There has been extensive controversy about this because the PIC provided the initial seed money with which Harith was set up and the PIC still owns 30% of Harith. Harith’s chief executive was Tshepo Mahloele, formerly a PIC senior executive and, apparently, a contributor to ANC funds. An inquiry into Harith noted that it charged very high fees and had apparently been run in order to enrich its employees rather than its investors.
[The Takatso Consortium's reply, taking issue with these points, can be read here. - Editor]
All of which looks rather as if a large effort has been made to keep SAA within the ANC family, in which case this is a bogus privatization. Certainly, the government has not mentioned any other bidders for SAA and the process by which Takatso was chosen was completely non-transparent. Yet we know that Ethiopian Airways was a potential bidder, that it had the necessary capital and that it has vast and successful aviation experience. How could anyone think that the puny little Takatso consortium was a superior partner to that?
In general deep scepticism exists as to whether Takatso will really be equal to the task of relaunching SAA. Takatso has talked about investing R3 billion in SAA (a tiny amount in airline terms) but as yet no purchase price for its 51% share of SAA has been mentioned.
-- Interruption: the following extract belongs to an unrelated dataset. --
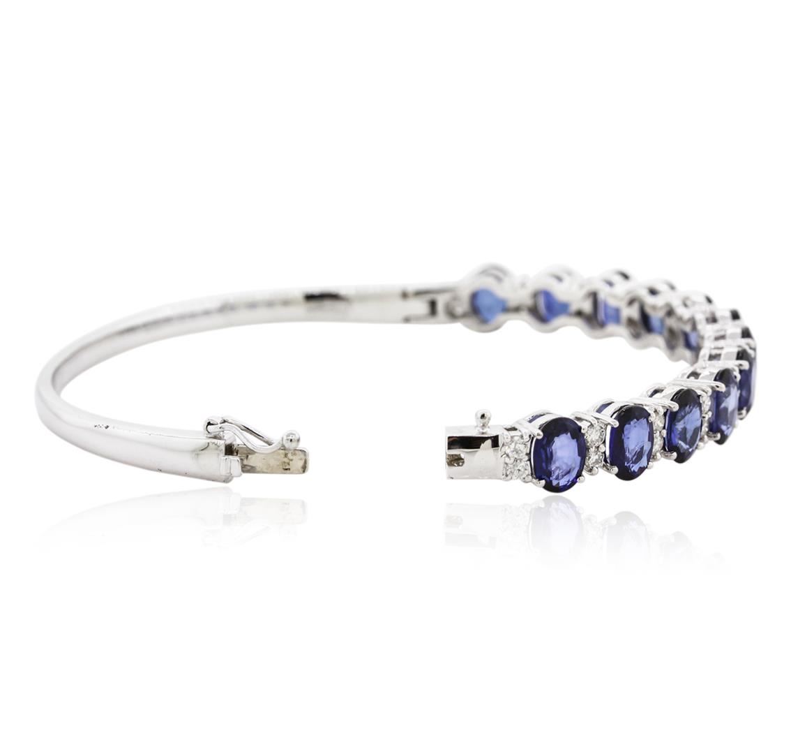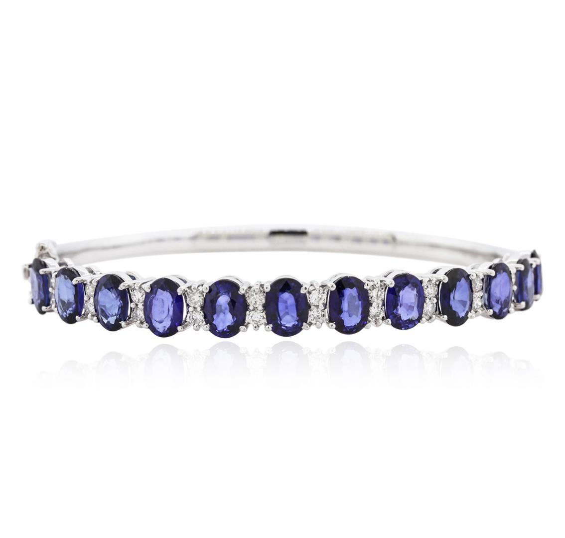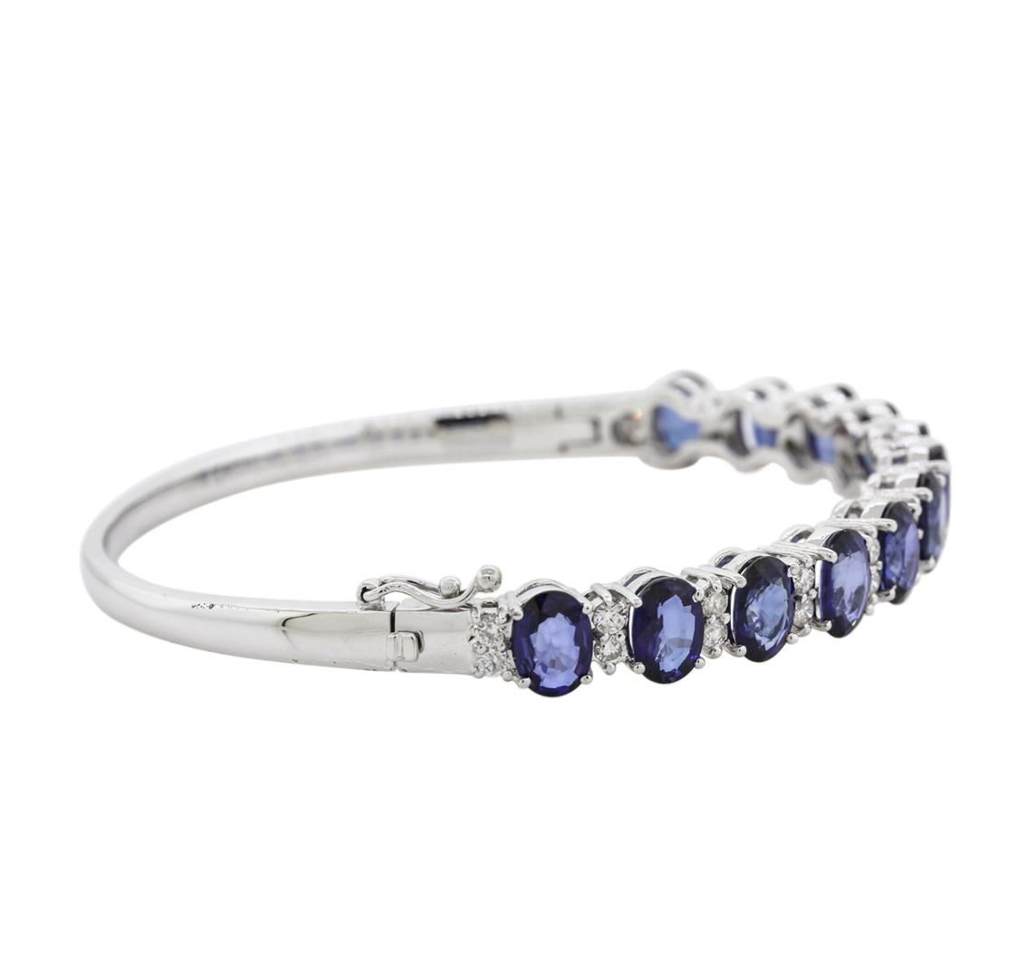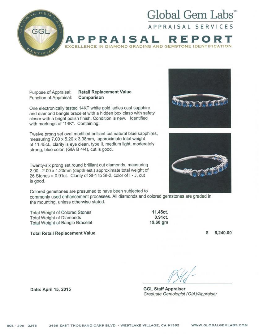 One electronically tested 14KT white gold ladies cast sapphire and diamond bangle bracelet with a hidden box clasp with safety closer with a bright polish finish. Identified with markings of "14K". Condition is new. Containing: Twelve prong set oval modified brilliant cut natural blue sapphires, measuring 7.00. x 5.20 x 3.38mm, approximate total weight of 11.45ct., clarity is eye clean, type II, medium light, moderately strong, blue color, (GIA B 4/4), cut is good. Twenty-Six prong set round brilliant cut diamonds, measuring 2.00. - 2.00. x 1.20mm (depth est.) approximate total weight of 26 Stones = 0.91ct. Clarity: SI-1 to SI-2. Color: I - J, Cut is Good. Colored gemstones are presumed to have been subjected to commonly used enhancement processes. All diamonds and colored gemstones are graded in the mounting, unless otherwise stated. Total Weight of Colored Stones 11.45ct. Total Weight of Diamonds 0.91ct. Total Weight of Bangle Bracelet 19.60 grams. GGL Appraised at $6,240.00.

So how can Takatso possibly have been selected as the successful bidder if something as central as the price to be paid is still to be settled? Doubts also exist as to whether Takatso really has R3 billion to invest, let alone further money with which to buy its 51% share.
In addition the re-launched SAA is expected to run at a loss for several years and Takatso is unlikely to have sufficiently deep pockets to finance that. And as a recently put together consortium it is most unlikely that Takatso would be able to borrow to cover that period.
What is certain is that this flimsy and question-begging answer to the SAA problem will not be any sort of model for Transnet, Eskom, Prasa or any of the heavyweight SOEs. They are going to need really serious money – many hundreds of billions – and only a very few companies anywhere have those sorts of resources.
Instead of looking at this as a wonderful opportunity for investors it would be sensible to realise that the government is going to have to work very hard to make sinking R100 billion into Transnet an attractive proposition for anyone. Instead of wasting its time consulting the unions about their wish-list for South Africa’s ports, the government would have been wiser to draw up a short list of companies big enough to take on this Herculean task and talk to them about what it would take to attract their interest in such a proposition. This is what it is going to come down to in the end.
Probably things will need to get worse before the government begins to realise just how weak its hand is. Instead of flattering itself that it is offering the private sector glittering opportunities for investment and then drawing up lists of conditions that bidders must fulfil – no redundancies, special deals for BEE companies and all the usual bells and whistles – the government will have to face some very stark facts.
These include:- It has run all these SOEs into the ground. It has made hideously unwise decisions about them for decades. The SOEs have far too many staff and they are often ludicrously overpaid. The unions in the SOEs have been spoilt silly and are far too big for their boots.
The SOEs have seen horrific levels of corruption and far too many BEE companies have been able to secure sweetheart deals from them. In a word, these companies are basket-cases and if the government can find any private investors willing to take them off their hands, clean them up and run them properly, they should be thrilled.